/Cardiac_demo

project implements minimal functionality for real-time 3D cardiac electrophysiology simulation

Primary LanguageC++BSD 3-Clause "New" or "Revised" LicenseBSD-3-Clause

Advanced High Performance Computing Cluster Practice

Brief Introduction to Intel® VTune™ Profilers

There are some scripts in test for your reference.

Below are some frequently-used code snippets.

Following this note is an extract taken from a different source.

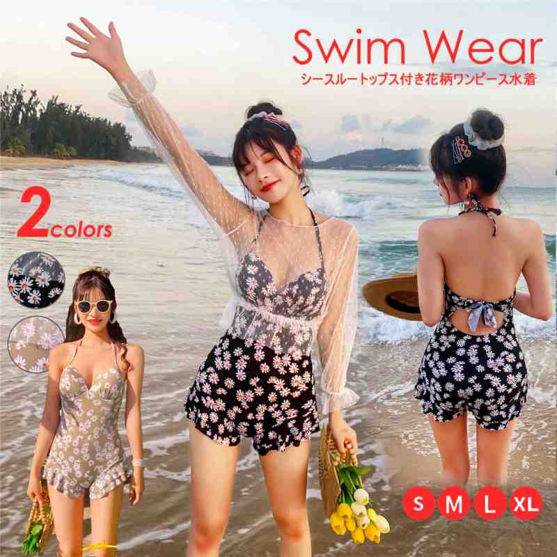 レディース ワンピース水着 シアー シースルートップス フリルパンツ 花柄 体型カバー 映え【大きいサイズ レディース 体型カバー フィットネス ワンピース ショートパンツ タンキニ ビキニ mizugi】

Set up envrionment variables

# If module is available
module load vtune
# Generally, $PATH_TO_VTUNE would be `/opt/intel/oneapi/latest/vtune` or `$HOME/intel/oneapi/vtune/latest`
. $PATH_TO_VTUNE/setvars.sh

Intel® VTune™ Amplifier’s Application Performance Snapshot

Generate results

APS would first create a directory containing results. By default, the directory would be named after date and time. It could be specified through --result-dir=$RESULT_DIR optionally.

# w/o MPI
aps $APPLICATION $APPLICATION_PARAMETERS
# w/ MPI
$MPI_LAUNCHER $MPI_PARAMETERS aps $APPLICATION $APPLICATION_PARAMETERS
# w/ Intel MPI, alternatively
$IMPI_LAUNCHER $IMPI_PARAMETERS -aps $APPLICATION $APPLICATION_PARAMETERS

Convert result to report

Then, we need obtain the analysis report (in HTML) based on the result data.

aps-report $RESULT_DIR

To open the HTML report, we could start web brower like FireFox via X11 forwarding. Alternatively, in the light of the latency, we could also start a simple web server at the directory temporally. For instance, this could be realized with Python's inbuilt http.server:

# Make sure you `cd` to the directory containing the report
python3 -m http.server

And now, we could open browser locally and enter $IP_OR_HOSTNAME:8000 to the address bar. Don't forget to close the server with Ctrl + C.

Intel® VTune™ Amplifier

Note: in some old documents, vtune & vtune-gui were amplxe & amplxe0-gui, respectively.

Collect data

Common available collect options:

  • Hotspots (hotspots)
  • Memory Consumption (memory-consumption)
  • Microarchitecture Exploration (uarch-exploration)
  • Memory Access (memory-access)
  • Threading (threading)
  • HPC Performance Characterization (hpc-performance)
  • I/O (io)
# w/o MPI
vtune -collect $COLLECT_OPTION -r $RESULT_DIR $APPLICATION $APPLICATION_PARAMETERS
# w/ MPI
$MPI_LAUNCHER $MPI_PARAMETERS vtune -collect $COLLECT_OPTION -r $RESULT_DIR $APPLICATION $APPLICATION_PARAMETERS
# w/ Intel MPI, sample specific ranks only (This is of help since we may need sample the lowest ranks)
$IMPI_LAUNCHER $IMPI_PARAMETERS -gtool "vtune -collectt $COLLECT_OPTION -r $RESULT_DIR: $RANKS" $APPLICATION $APPLICATION_PARAMETERS

View the report

We could open the GUI directly on the remote machine with vtune-gui $RESULT_DIR via X11 forwarding. Nevertheless, due to the almost unacceptable latency, we might have installed VTune™ locally, downloading the result directory and investigating the report in local.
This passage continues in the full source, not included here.